After more than two decades of research, one must also wonder why there are no “definitive conclusions” and why there are such “inadequacies of the evidence available”.

Major national health agencies have known about condom inadequacy for years and have not made it public. In fact, they have been central players in the promotion of massive “safe sex” publicity aimed at our young people. Could it be they were trying to hide the reality of condom failure from the public to protect themselves and any possible interests in the condom and pharmaceutical industries?

Our children are experiencing STD epidemics, high teen pregnancy rates, poor academic performance, poor standardized test results, violence, drug and alcohol abuse, increasing suicide.

All of these problems either directly or indirectly, are related to premarital sexual activity.

Our children are pushed into physical and emotional relationships for which they are entirely unprepared.

On an informal survey for 7th-10th graders, twice as many of the students indicated that they believed abstinence would help them make better grades and do better on standardized tests than those who disagreed. After the training, many even wrote thank you notes to the abstinence instructors who explained to the students that they do NOT HAVE to have premarital sex!

As adults, many of us know the pain of a broken marriage, that special bond ripped apart. So why do we encourage our children to enter into sexual relationships which also cause tremendous emotional trauma when they end?

Broken relationships result in increased drug and alcohol use and the failure to bond in the future. Research has found that sexually active girls are over six times more likely to attempt suicide than virgins.

As physicians, we encourage and urge parents to whole-heartedly promote sexual abstinence to their offspring as the only physically and emotionally safe and healthy choice in order to live a happier, healthier and more comfortable life. Certainly, parents want what is best for their children; from every medical perspective, sexual abstinence until marriage IS what’s best.

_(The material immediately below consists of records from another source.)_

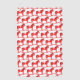 This awesome Christmas golf towel features a digital art image of a cute Scandinavian style rocking horse. The horse is red with a dark red mane, tail and hooves. The friendly horse is smiling. It has a white saddle and reins with pretty red Scandi folk style patterns on the saddle including the sun, moon and stars and hearts and flowers. The base of the rocking horse is red and is covered in pretty white leaves. The design was inspired by the Swedish Dala horse.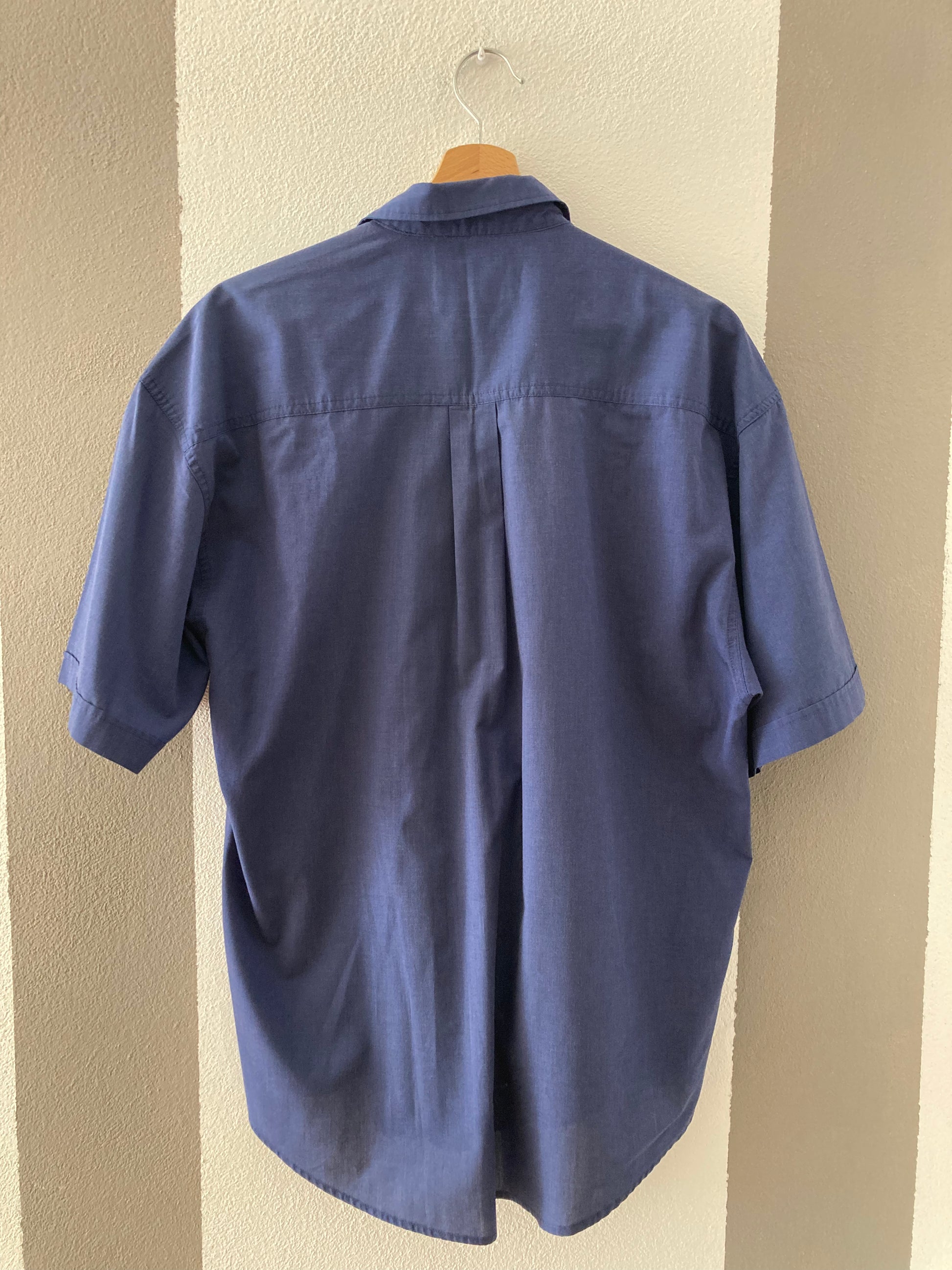 Camicia vintage custom con patch a righe e pattern pop art , size XL.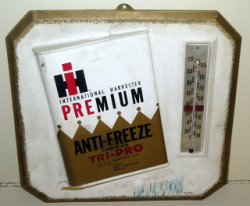 Legs are loose from the stand, originally tack-welded, can easily be fixed, about 6' tall overall, use original, cardboard backing is worn and stained, could be replaced easily enough; one side has the 2 logos, reverse side has "International" w/ Canadian markings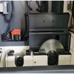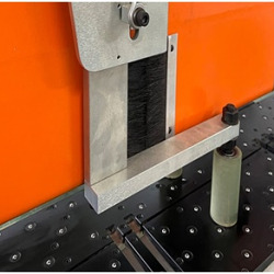 Piła panelowa HP 280 posiada system wyrównywania bocznego, który zabezpiecza szerokość panelu, zapobiegając jego przesuwaniu się lub drganiu podczas cięcia, zapewniając precyzyjne cięcie na szerokość. Nacisk można regulować w zależności od grubości, wagi i materiału panelu, co zapewnia precyzyjne wymiary cięcia.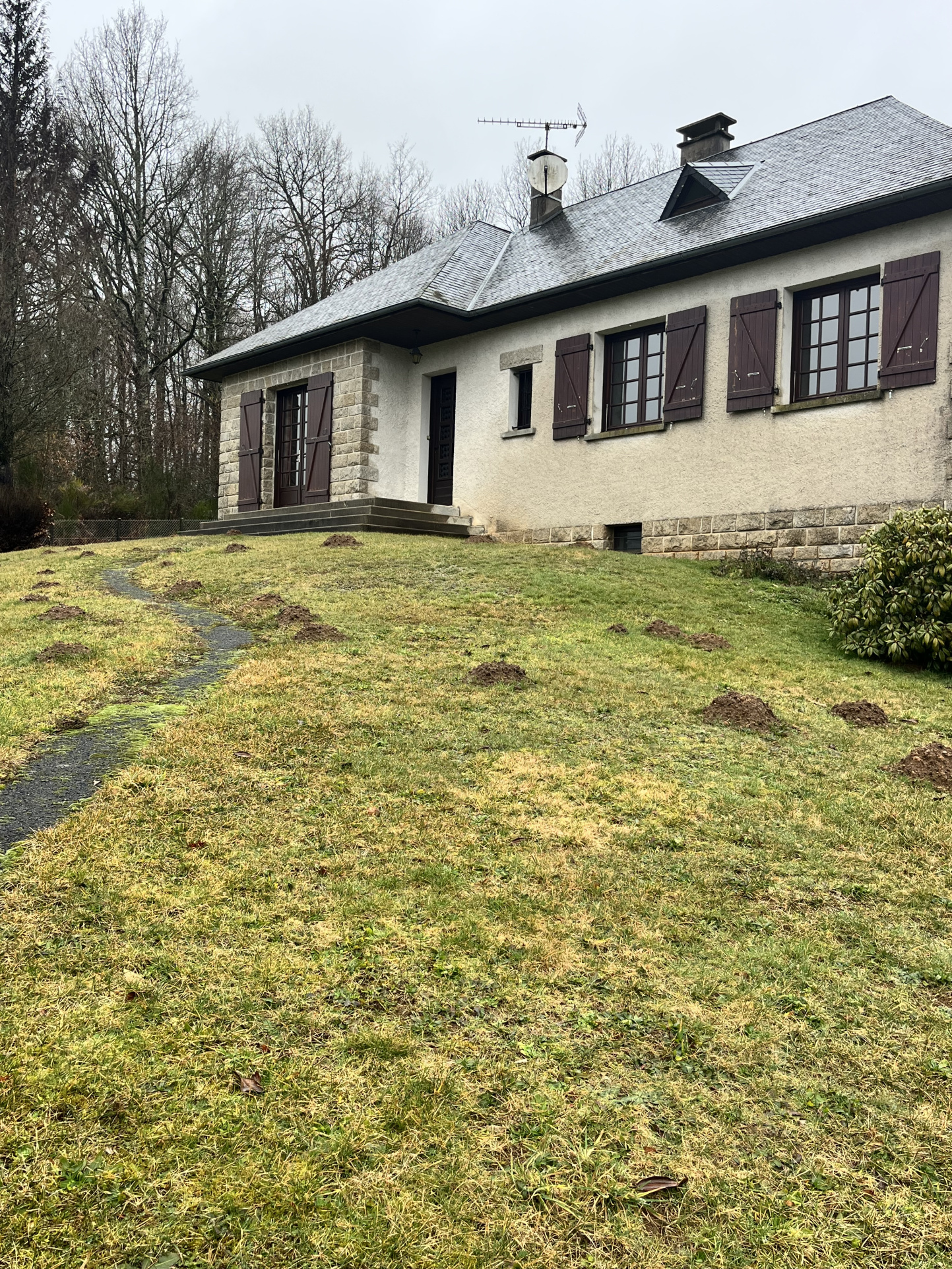 A vendre à 2Kms du bourg de Chamberet, à la campagne, dans un parc de 2593 m2 entièrement clôturé, très belle maison construite avec des matériaux de qualité, couverte en ardoises d'Espagne, charpente traditionnelle, sous-sol en béton banché et comprenant :
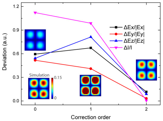 In a more complex system with a large number of antennas, it is impossible to calculate all the coupled electric fields for all the antennas. However, the deviation of the electric field can be greatly reduced by the coupling correction via our proposed method to calculate only a limited area. For instance, a periodic optical antenna array is simulated. As shown in the insets of Figure 4, the electrical fields indicate the distribution through numerical simulation and the restructured field distribution via the field superposition. The results indicate that the field distributions calculated by different methods are similar, but the intensity is greatly changed. Without the correction, the radiated field is very weak. Hence, the deviation is as high as 112.2%. With the first-order correction, the deviation is slightly reduced to 98.7%. After the second-order correction, the deviation of the calculated electric field intensity is rapidly reduced to 0.5%. The restructured distribution and intensity of light match the simulated results very well. It is obvious that the coupling correction with the limited orders is efficient for metasurface design with a large number of elements.

School systems which promote “comprehensive sex education” should reconsider their part in aiding and abetting the “safe sex” myth. By promoting, explaining birth control methodology, and/or distributing condoms, schools may be hit with lawsuits when students are found to be infected with HPV, Herpes, or HIV, all of which are incurable. If schools encouraged the Sexual Russian Roulette in the first place, shouldn’t they have to bear the burden of medical expenses?

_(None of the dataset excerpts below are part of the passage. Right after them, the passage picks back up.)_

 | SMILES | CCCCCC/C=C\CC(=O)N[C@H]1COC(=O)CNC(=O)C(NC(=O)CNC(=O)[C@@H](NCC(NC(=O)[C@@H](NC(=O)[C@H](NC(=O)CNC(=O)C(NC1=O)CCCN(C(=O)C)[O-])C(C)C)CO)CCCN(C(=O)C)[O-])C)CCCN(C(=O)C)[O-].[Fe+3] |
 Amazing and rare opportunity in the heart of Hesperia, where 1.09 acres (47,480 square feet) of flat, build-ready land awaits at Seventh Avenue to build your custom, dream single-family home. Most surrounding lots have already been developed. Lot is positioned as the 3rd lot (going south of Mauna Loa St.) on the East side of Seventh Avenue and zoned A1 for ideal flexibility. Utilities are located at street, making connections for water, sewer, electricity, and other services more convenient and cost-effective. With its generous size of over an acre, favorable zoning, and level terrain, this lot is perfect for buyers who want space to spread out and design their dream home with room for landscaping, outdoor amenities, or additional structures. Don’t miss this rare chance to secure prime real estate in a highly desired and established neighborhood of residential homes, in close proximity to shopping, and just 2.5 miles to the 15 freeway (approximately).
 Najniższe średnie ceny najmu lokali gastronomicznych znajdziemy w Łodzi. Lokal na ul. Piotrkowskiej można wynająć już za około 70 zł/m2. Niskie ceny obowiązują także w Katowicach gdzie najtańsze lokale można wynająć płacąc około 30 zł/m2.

From an emotional standpoint, when teens are dealing with the fear of pregnancy and STDs/AIDS, abortion decisions, painful STD infections, and feelings of humiliation and low self-esteem, is it any wonder they don’t concentrate well in school and that they do poorly on tests?

Perhaps we should add two more R’s to Reading, ‘Riting, and ‘Rithmatic: Responsibility and Respect, for self and others. These will do more to help students improve academically than lowering teacher-student ratios or providing standardized test training.

C. Paul Perry, M.D. OB-GYN, Birmingham, AL Abstinence WORKS!